Unlike systems that only regulate oxygen as a percentage, HypoxyLab measures and controls oxygen in partial pressure units (mmHg or kPa).6,7

This allows user to explicitly set an oxygen partial pressure value such as 40 mmHg to model a typical physioxic condition for many tissues, or an oxygen partial pressure of 15 mmHg if more extreme hypoxia conditions are required.
HypoxyLab automatically compensates for changes in barometric pressure, so a setting of 40 mmHg means precisely the same thing for cells in separate labs or on distinct times of the year.6
For organoid work, this allows the definition reproducibility of specific oxygen environments: fetal-like conditions for developing tissues, tumour-like ranges for cancer models, or healthy physioxia for baseline growth.
Practical features also matter. HypoxyLab is contamination-controlled and ergonomically designed, with a rapid-entry transfer hatch and clear interior workspace. Scientists can carry out media changes, passaging or imaging without repeatedly exposing cultures to room air. For organoids, this kind of stable physioxic incubator can become the “home base” where they live, differentiate and respond to interventions under controlled and documented oxygen conditions.
Setting a target oxygen level is one thing; knowing what your organoids experience is another. This is where the OxyLite™ oxygen monitor is particularly useful.

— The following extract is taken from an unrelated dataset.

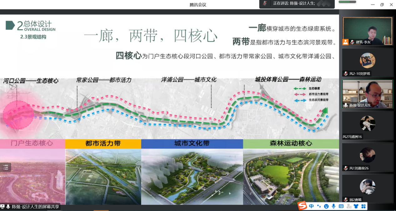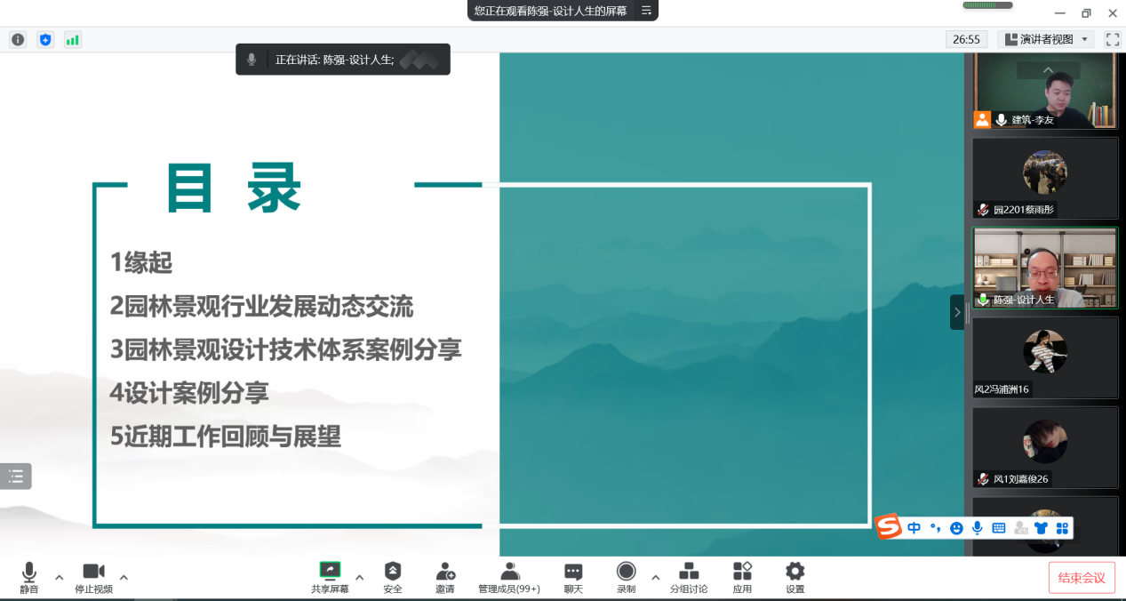 在講座中,陳強總監從緣起、園林景觀行業發展動態交流、園林景觀設計技術體系案例分享、設計案例分享、近期工作回顧與展望五個方面與師生們進行了深入的交流。作為首席景觀設計總監,他曾榮獲建設部中國人居環境范例獎、國家優質工程獎、全國生態智慧與城鄉實踐大賽一等獎等多項重要獎項,并榮獲國際園林景觀設計大會杰出中青年景觀規劃師獎。他結合設計實踐中的體會,特別為師生們解讀并展望了園林景觀行業新的增長點等熱議話題。

OxyLite is a fibre-optic sensor system for measuring dissolved oxygen directly in culture media or gels.8

In an organoid workflow, an OxyLite sensor can be placed into the medium near an organoid, or into the matrix that embeds it. The scientist can thereby verify that the medium inside the chamber has equilibrated to the intended oxygen concentration and can also provide kinetics for how quickly the organoid consumes oxygen over time.
OxyLite also reports oxygen in absolute partial pressure units of mmHg, matching the oxygen control strategy employed in HypoxyLab. Together, these systems can turn oxygen from an assumed background condition into a measured and optimised parameter in organoid culture.
Organoids have opened a new window into human biology, but to make the most of them we need to recreate not just the right cells and matrices, but also the right environment. Oxygen is a central part of any cellular environment. Most human tissues function in the 8 - 85 mmHg oxygen range, not at ambient oxygen of 160 mmHg that dominates standard incubators.1
When organoids are grown under physiological oxygen tensions, they often exhibit better viability, more realistic differentiation, and responses to stimuli that are closer to what we see in vivo.3,5
There are caveats. Physioxia must be tuned to each organoid system, and it does not on its own solve every diffusion or size limit. It does, however, move the model in the right direction, and with modern tools for control and measurement it is no longer technically difficult to implement.
By combining a physioxic workstation such as HypoxyLab with direct oxygen monitoring using OxyLite, organoid researchers can define, deliver, and verify the oxygen partial pressure conditions their models experience. That shift, from assuming oxygen to managing it, is a key step toward more faithful and reproducible organoid science.